What you need to do:
For the material below, the expected output is exactly the lines between the line holding "Conjunto Quarto Ouro" and the line holding "24Pcs/Set French Blue", inclusive, with pictures left out.

Input records:
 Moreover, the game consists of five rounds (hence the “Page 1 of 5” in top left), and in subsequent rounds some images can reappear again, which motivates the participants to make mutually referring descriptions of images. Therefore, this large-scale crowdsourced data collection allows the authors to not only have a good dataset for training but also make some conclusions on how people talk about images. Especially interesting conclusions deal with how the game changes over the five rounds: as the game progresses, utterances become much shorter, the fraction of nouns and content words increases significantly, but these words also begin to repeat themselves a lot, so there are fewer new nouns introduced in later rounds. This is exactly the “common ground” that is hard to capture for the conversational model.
--
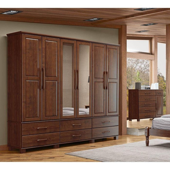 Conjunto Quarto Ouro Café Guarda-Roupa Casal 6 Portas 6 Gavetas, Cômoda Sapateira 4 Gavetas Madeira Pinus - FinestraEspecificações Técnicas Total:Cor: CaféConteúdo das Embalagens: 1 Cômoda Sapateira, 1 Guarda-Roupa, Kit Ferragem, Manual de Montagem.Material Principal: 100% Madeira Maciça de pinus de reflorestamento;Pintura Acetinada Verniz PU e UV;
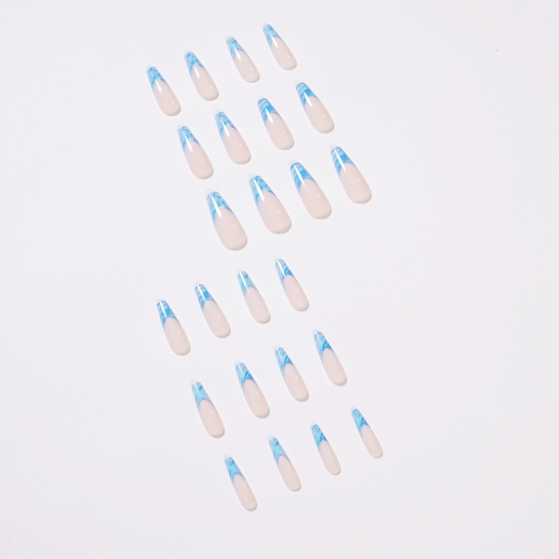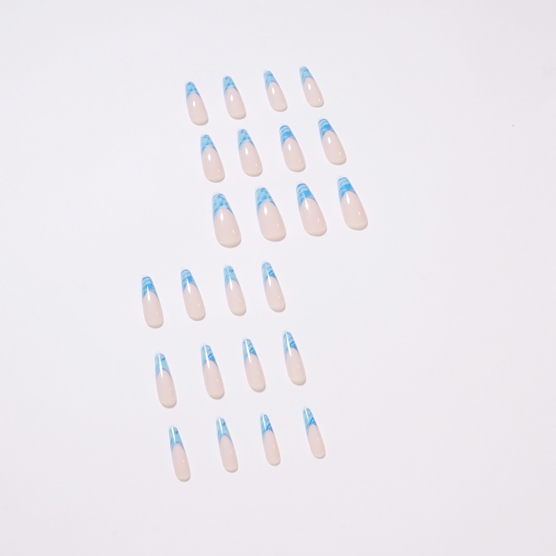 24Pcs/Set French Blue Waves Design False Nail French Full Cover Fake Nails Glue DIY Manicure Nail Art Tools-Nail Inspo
* * *
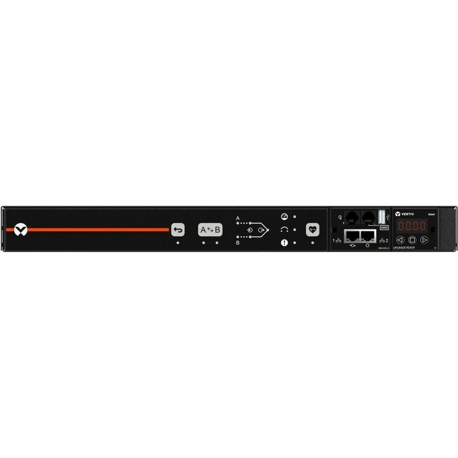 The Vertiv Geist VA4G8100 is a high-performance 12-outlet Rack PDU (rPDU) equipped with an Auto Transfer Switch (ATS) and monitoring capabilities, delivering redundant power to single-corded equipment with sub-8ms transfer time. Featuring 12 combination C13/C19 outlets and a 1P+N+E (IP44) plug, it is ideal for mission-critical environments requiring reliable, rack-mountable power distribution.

Exercise solution:
 Conjunto Quarto Ouro Café Guarda-Roupa Casal 6 Portas 6 Gavetas, Cômoda Sapateira 4 Gavetas Madeira Pinus - FinestraEspecificações Técnicas Total:Cor: CaféConteúdo das Embalagens: 1 Cômoda Sapateira, 1 Guarda-Roupa, Kit Ferragem, Manual de Montagem.Material Principal: 100% Madeira Maciça de pinus de reflorestamento;Pintura Acetinada Verniz PU e UV;
 24Pcs/Set French Blue Waves Design False Nail French Full Cover Fake Nails Glue DIY Manicure Nail Art Tools-Nail Inspo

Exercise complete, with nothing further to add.